Terms and Condition to Enter:
* Must be over 18
* Comments must be posted on this blog, not our facebook or twitter accounts
* Only those in New Zealand and Australia are eligible for this competition
* One person’s comment a week will be picked Wednesday mornings each week for the whole of July by the team in the office and that lucky person will win a mixed 6pack of Durvillea wines

Since Maree’s Butter Sauce (Beurre Blanc style)  was so easy and delicious I have posted it below:

In a microwavable dish add one diced shallot, 2 Tbsp White Wine Vinegar, 4 Tbsp White Wine (I used Durvillea Sauvignon Blanc) and some peppercorns. Warm in microwave for 45 seconds.

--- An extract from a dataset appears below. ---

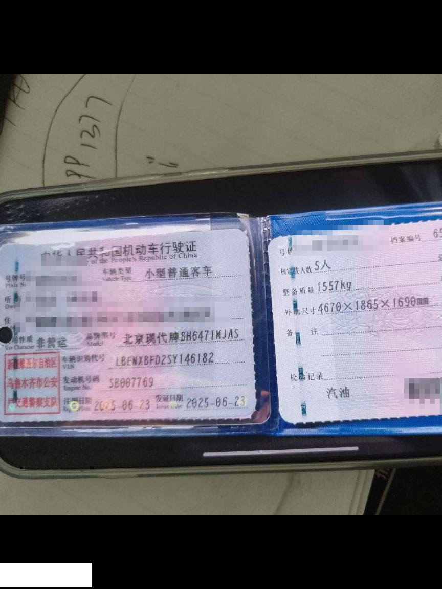 初次登记日期 2025-06-23 车辆名称 现代 途胜
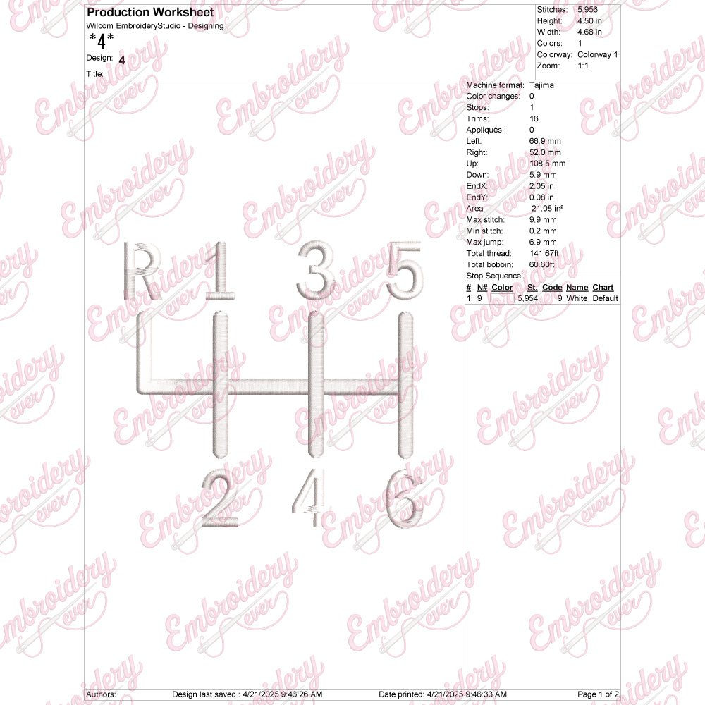 The Gear Shifter Embroidery Design captures the intricate details of a classic automotive gear shifter, making it an ideal choice for enthusiasts and professionals seeking precision in their embroidery projects. This design features clean lines and carefully crafted elements that highlight the mechanical beauty of the gear shifter, offering a sophisticated and technical aesthetic. Perfect for customizing apparel, accessories, or automotive-themed items, it adds a unique touch that reflects both craftsmanship and passion for automotive culture. Its detailed stitching ensures durability and a polished finish, suitable for a variety of fabric types and embroidery machines.

Put two egg yolks into food processor and blend

Sieve white wine reduction and add to food processor while motor going

Melt 200g of butter and slowly add to food processor while motor going in a steady stream (like adding oil to make mayonnaise)

Blend until thickens then serve.

6 thoughts on “Winner of the second July competition

  1. Best meal I had with Sauvignon Blanc, was a Poule A Pot (chicken in a pot) meal that I had at a french bistro in Akaroa many years back, divine!

  2. Baked chicken breast stuffed with fresh basil pesto, wrapped in panchetta is my favorite accompaniment to a bottle of Sauvignon Blanc.

  3. Asparagus and artichoke pasta last night was just perfect with New Zealand Sauvignon Blanc – complemented the ‘green pea’ character.

  4. Little neck clams sauteed in garlic, add cream and toss through fresh tagliatelle. Serve with a glass of Sauv Blanc – perrrrfect!

  5. On a recent dive trip in Fiordland we collected some scallops and had them pan fried with some garlic and a squeeze of lime – perfect with a glass of sauv blanc!